Larosière and Lampion arrive on the scene, throwing Miss Bulstrode (the headmistress), the teachers, and the students into a tizzy. Men in the building! Quelle horreur! The only male allowed in Meadowbank is Victor the skeleton. The presence of a woman’s body out in the woods is minor compared to the presence of male gendarmes in the hallways.

Larosière assigns the dead woman’s case to Lampion. The question quickly becomes “who is she?” She’s nude so there’s no identification. The coroner (a very creepy guy) says she was knifed. He also says that her face was smashed in after her death, not before. It takes time for Lampion to work out why, but Larosière is very patient. He also cracks jokes, discomfiting Lampion.

This was a great moment and proof that season one of The Little Murders of Agatha Christie is far superior to season two. Lampion is having a tough time with Larosière’s gallows humor, but as Larosière tells him, they have a hard, often horrible job. If grim humor helps them get through it, then it served their higher purpose which is to get justice for that woman and her family. The coroner tells Lampion that her body speaks to them, trying to tell them who she is and what happened. Lampion mans up and takes pictures of a port wine stain. It’s large, but it’s also at the woman’s waist so only a close family member will recognize it. He gets the local newspapers to print the pictures and, eventually, the letters come flooding in.

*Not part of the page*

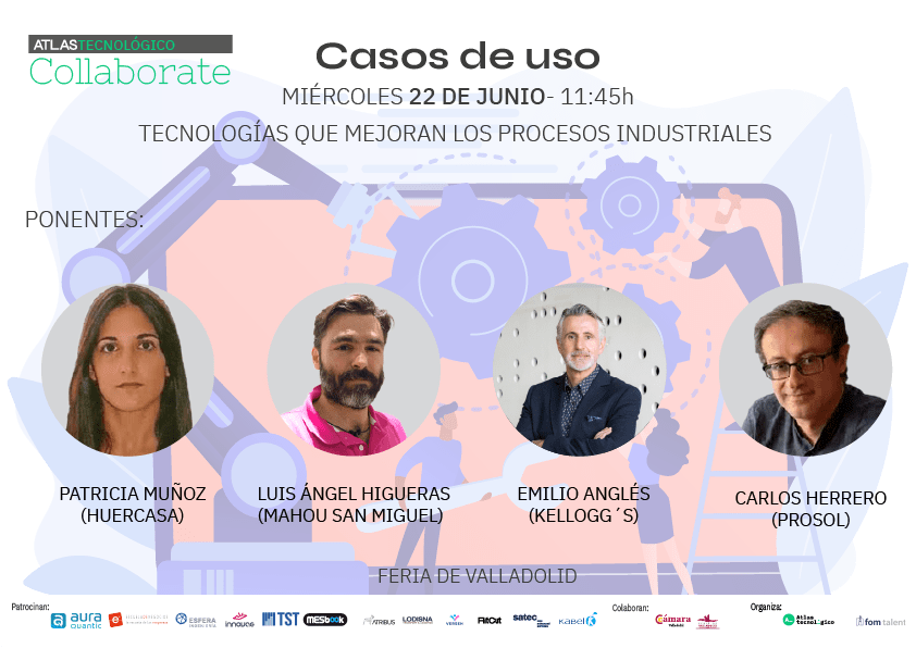 ¿Qué tecnologías priorizar a la hora de mejorar los procesos industriales en nuestra empresa, especialmente si buscamos avanzar en la automatización? En Collaborate Summer 2022 de Atlas Tecnológico, que se celebra el próximo 22 de junio en la Feria de Valladolid, conoceremos las claves de Patricia Muñoz, responsable de sistemas de Huercasa; Emilio Anglés, responsable de digitalización de Kellogg's; Luis Ángel Higueras, project manager de Mahou San Miguel; y Carlos Herrero, responsable de transformación digital de Prosol. La sesión que lleva el título «Tecnologías que mejoran los procesos industriales» y será moderada por el analista de innovación, Eugenio Mallol.

Most of them are fraudulent as Larosière predicted. But one of them isn’t.

Meanwhile, Larosière interviews the teachers and encounters his past at Meadowbank. The housekeeper, Christine Boisseau, (the film’s highly altered version of Matron Johnson) knows him, oh very well indeed. She’s also unhappy to see him, and he doesn’t understand why. She has an unhappy daughter, Juliette, who’s being educated with the rich girls as a perk for mom cleaning up after them.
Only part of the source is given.